Once the pictures are set aside, reproduce all of the records exactly.

==============================

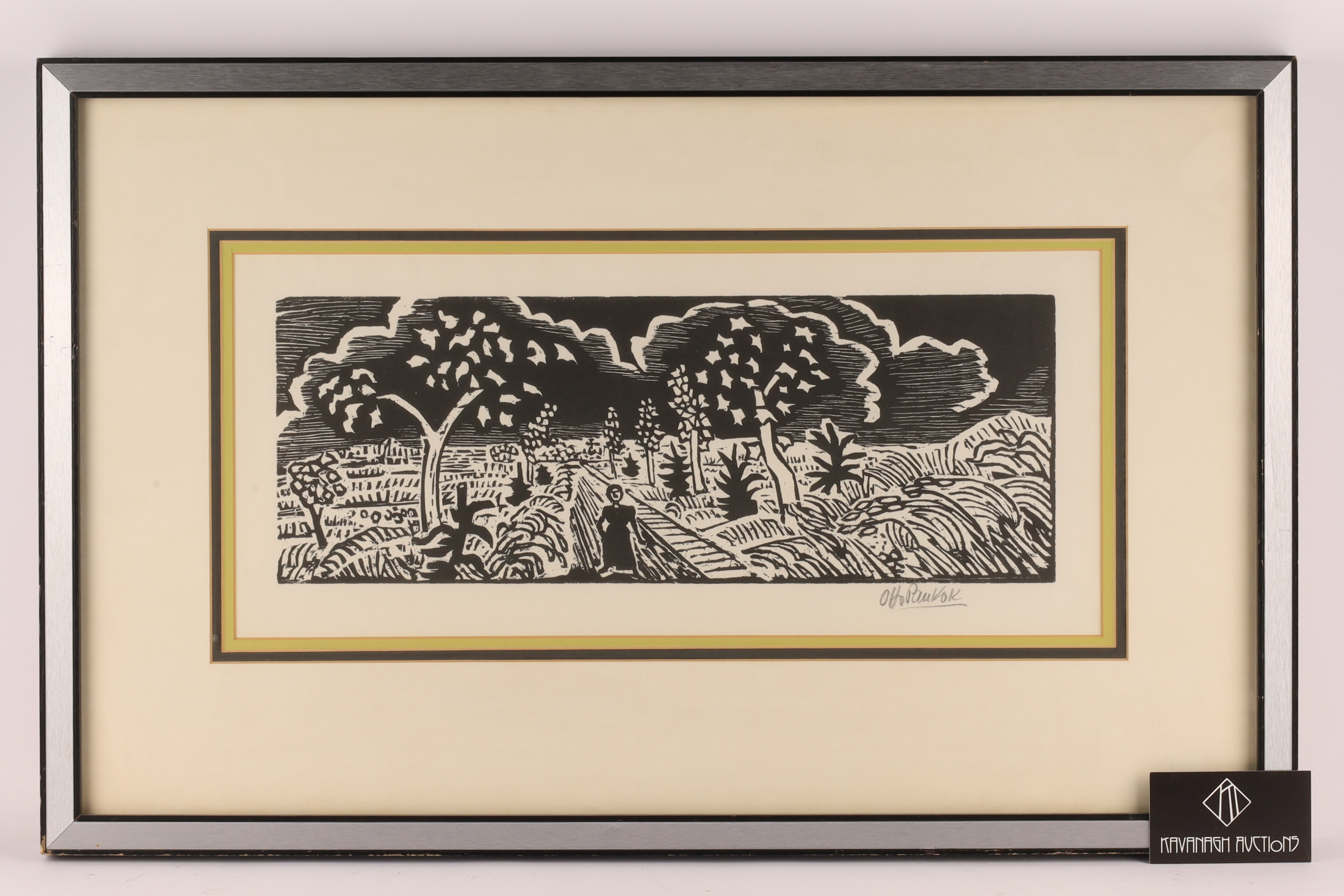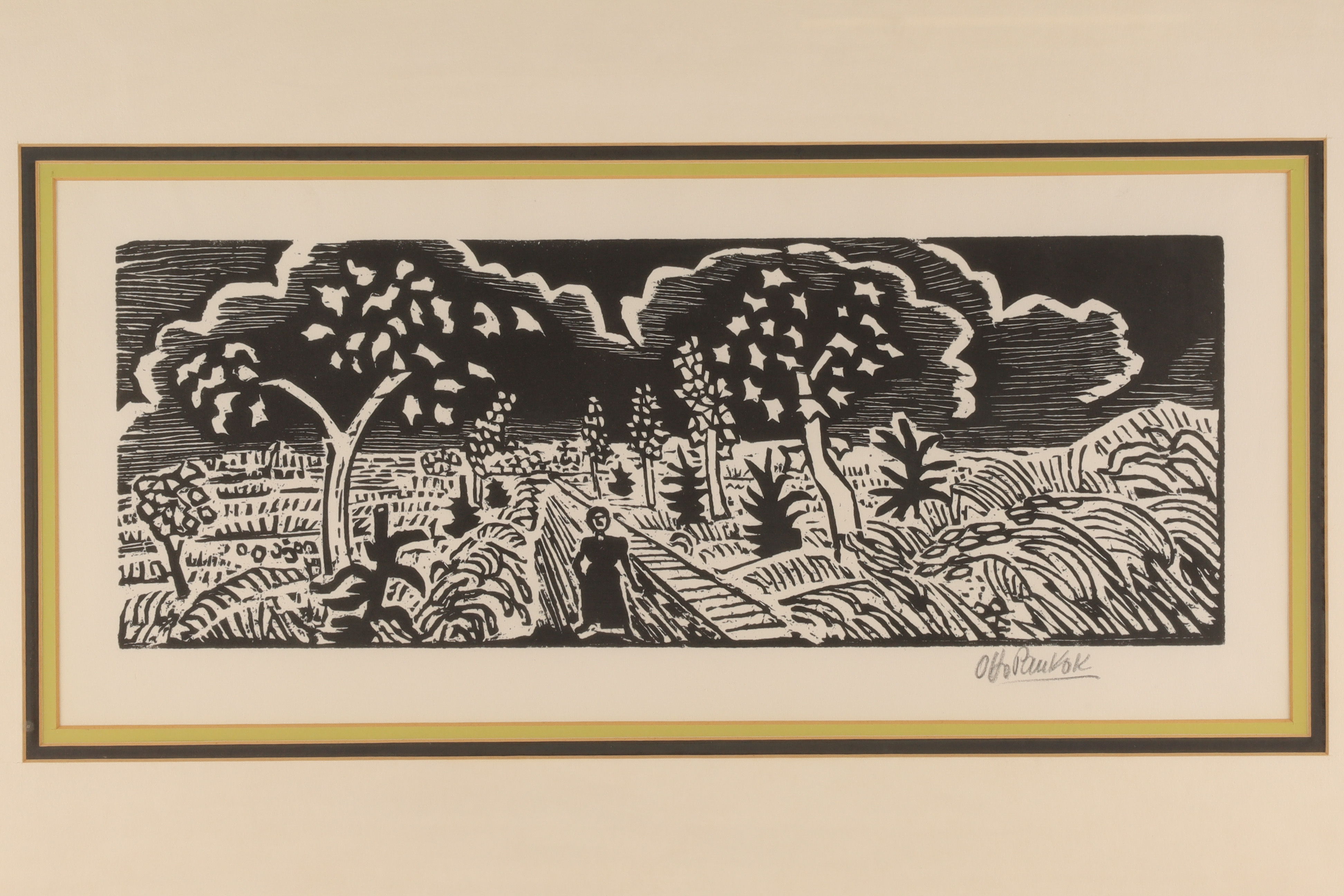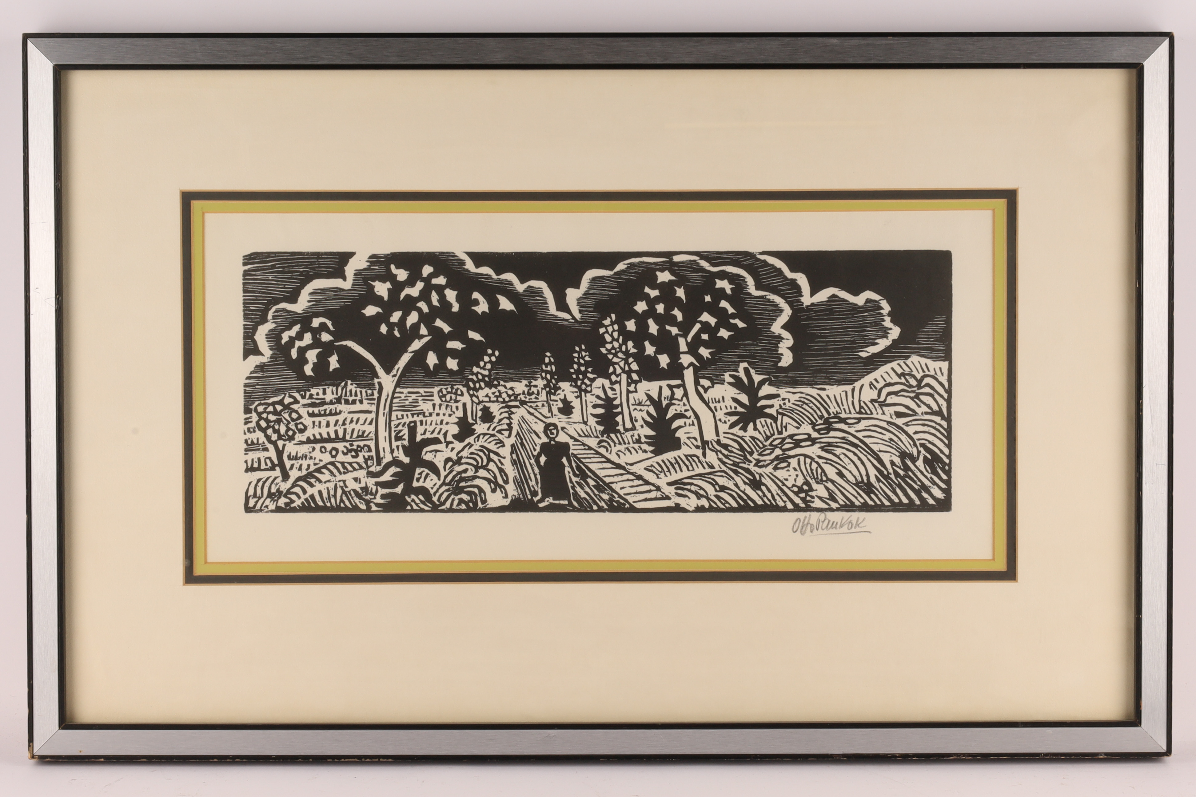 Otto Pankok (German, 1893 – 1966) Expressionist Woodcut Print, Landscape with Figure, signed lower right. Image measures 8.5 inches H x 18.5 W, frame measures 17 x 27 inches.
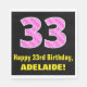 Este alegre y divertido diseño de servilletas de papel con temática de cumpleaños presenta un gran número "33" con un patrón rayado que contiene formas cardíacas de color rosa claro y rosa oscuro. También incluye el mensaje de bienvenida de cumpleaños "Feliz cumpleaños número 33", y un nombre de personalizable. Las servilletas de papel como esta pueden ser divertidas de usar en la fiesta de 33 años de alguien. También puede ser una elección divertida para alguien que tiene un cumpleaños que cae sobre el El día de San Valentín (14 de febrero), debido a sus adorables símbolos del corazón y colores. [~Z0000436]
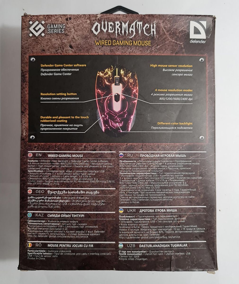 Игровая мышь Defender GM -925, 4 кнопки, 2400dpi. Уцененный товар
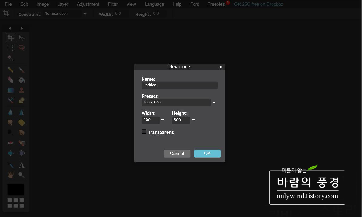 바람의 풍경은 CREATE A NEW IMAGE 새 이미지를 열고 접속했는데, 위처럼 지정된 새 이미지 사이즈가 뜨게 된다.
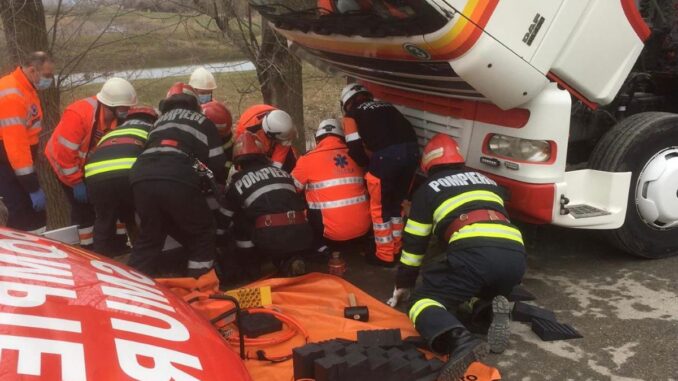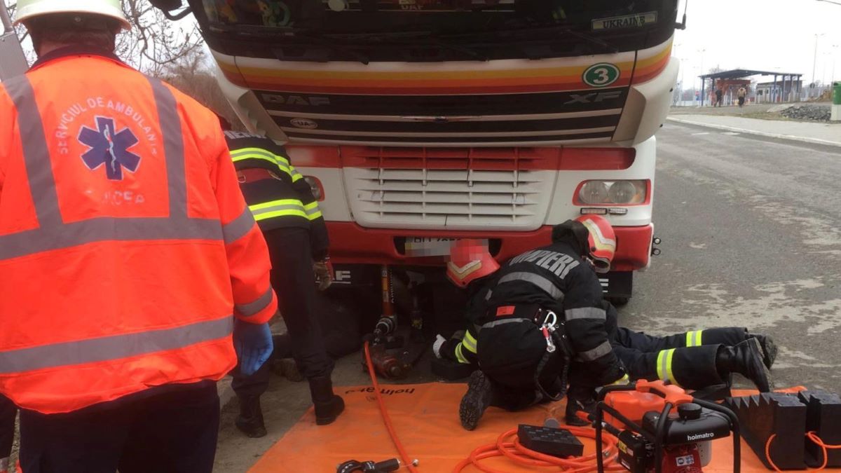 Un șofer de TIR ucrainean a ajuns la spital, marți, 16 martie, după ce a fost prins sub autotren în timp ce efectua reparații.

==============================

**TASK ANSWER**
 Otto Pankok (German, 1893 – 1966) Expressionist Woodcut Print, Landscape with Figure, signed lower right. Image measures 8.5 inches H x 18.5 W, frame measures 17 x 27 inches.
 Este alegre y divertido diseño de servilletas de papel con temática de cumpleaños presenta un gran número "33" con un patrón rayado que contiene formas cardíacas de color rosa claro y rosa oscuro. También incluye el mensaje de bienvenida de cumpleaños "Feliz cumpleaños número 33", y un nombre de personalizable. Las servilletas de papel como esta pueden ser divertidas de usar en la fiesta de 33 años de alguien. También puede ser una elección divertida para alguien que tiene un cumpleaños que cae sobre el El día de San Valentín (14 de febrero), debido a sus adorables símbolos del corazón y colores. [~Z0000436]
 Игровая мышь Defender GM -925, 4 кнопки, 2400dpi. Уцененный товар
 바람의 풍경은 CREATE A NEW IMAGE 새 이미지를 열고 접속했는데, 위처럼 지정된 새 이미지 사이즈가 뜨게 된다.
 Un șofer de TIR ucrainean a ajuns la spital, marți, 16 martie, după ce a fost prins sub autotren în timp ce efectua reparații.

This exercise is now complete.